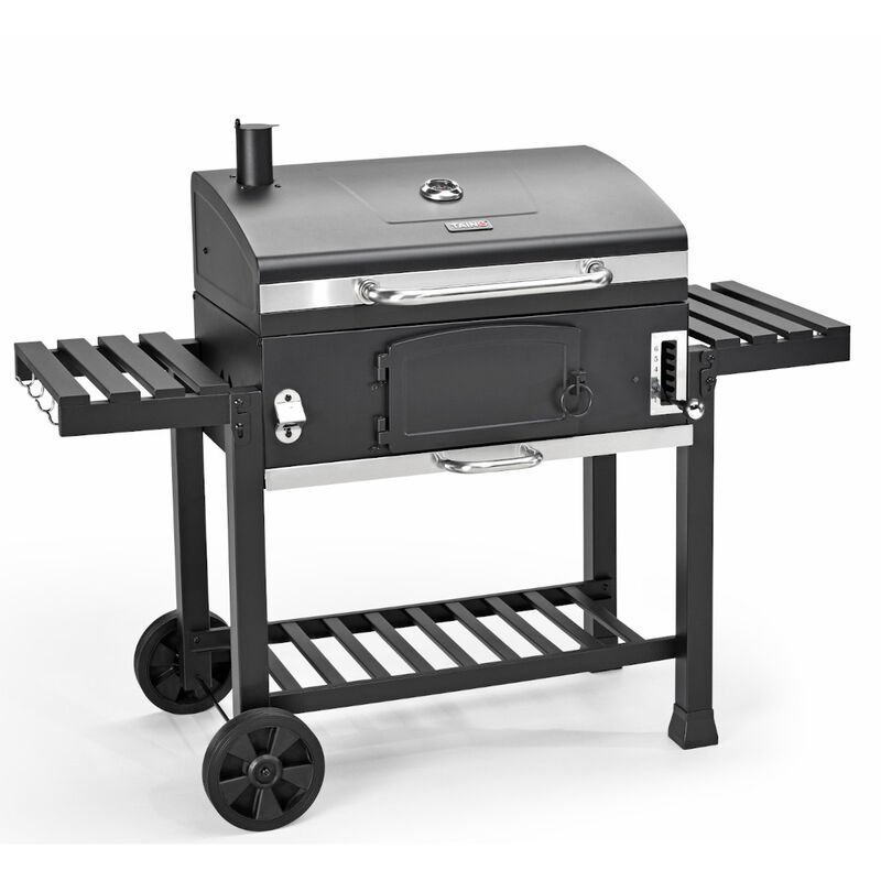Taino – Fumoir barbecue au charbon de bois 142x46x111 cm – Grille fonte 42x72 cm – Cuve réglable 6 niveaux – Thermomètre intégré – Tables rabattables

————

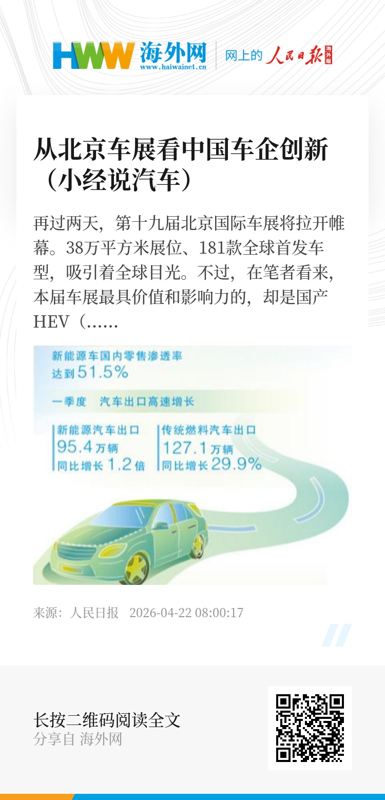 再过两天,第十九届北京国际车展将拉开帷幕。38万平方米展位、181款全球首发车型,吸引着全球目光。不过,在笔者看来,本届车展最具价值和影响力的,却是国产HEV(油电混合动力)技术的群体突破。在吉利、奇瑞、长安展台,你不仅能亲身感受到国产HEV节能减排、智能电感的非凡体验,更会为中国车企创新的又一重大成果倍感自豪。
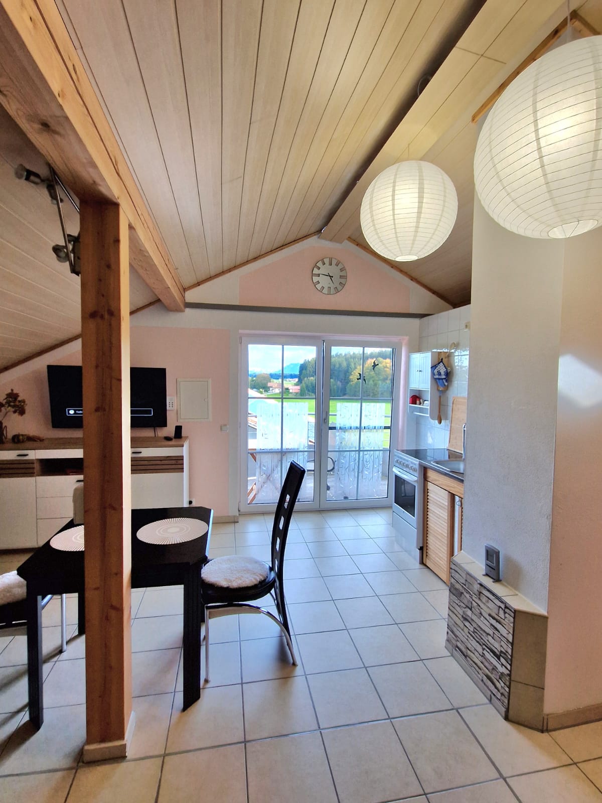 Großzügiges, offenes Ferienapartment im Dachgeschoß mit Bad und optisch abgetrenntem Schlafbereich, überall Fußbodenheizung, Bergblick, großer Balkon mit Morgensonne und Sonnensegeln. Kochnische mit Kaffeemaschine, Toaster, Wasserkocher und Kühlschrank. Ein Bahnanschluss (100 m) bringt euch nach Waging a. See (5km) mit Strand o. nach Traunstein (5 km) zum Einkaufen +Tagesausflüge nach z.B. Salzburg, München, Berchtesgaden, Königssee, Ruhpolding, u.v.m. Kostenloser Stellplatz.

————

TASK STATEMENT =
Within the listing above, the stretch from the line with "再过两天,第十九届北京国际车" down to the line with "Großzügiges, offenes Ferienapartment" is to be given again exactly, end lines included and pictures excluded.

SOLUTION =
 再过两天,第十九届北京国际车展将拉开帷幕。38万平方米展位、181款全球首发车型,吸引着全球目光。不过,在笔者看来,本届车展最具价值和影响力的,却是国产HEV(油电混合动力)技术的群体突破。在吉利、奇瑞、长安展台,你不仅能亲身感受到国产HEV节能减排、智能电感的非凡体验,更会为中国车企创新的又一重大成果倍感自豪。
 Großzügiges, offenes Ferienapartment im Dachgeschoß mit Bad und optisch abgetrenntem Schlafbereich, überall Fußbodenheizung, Bergblick, großer Balkon mit Morgensonne und Sonnensegeln. Kochnische mit Kaffeemaschine, Toaster, Wasserkocher und Kühlschrank. Ein Bahnanschluss (100 m) bringt euch nach Waging a. See (5km) mit Strand o. nach Traunstein (5 km) zum Einkaufen +Tagesausflüge nach z.B. Salzburg, München, Berchtesgaden, Königssee, Ruhpolding, u.v.m. Kostenloser Stellplatz.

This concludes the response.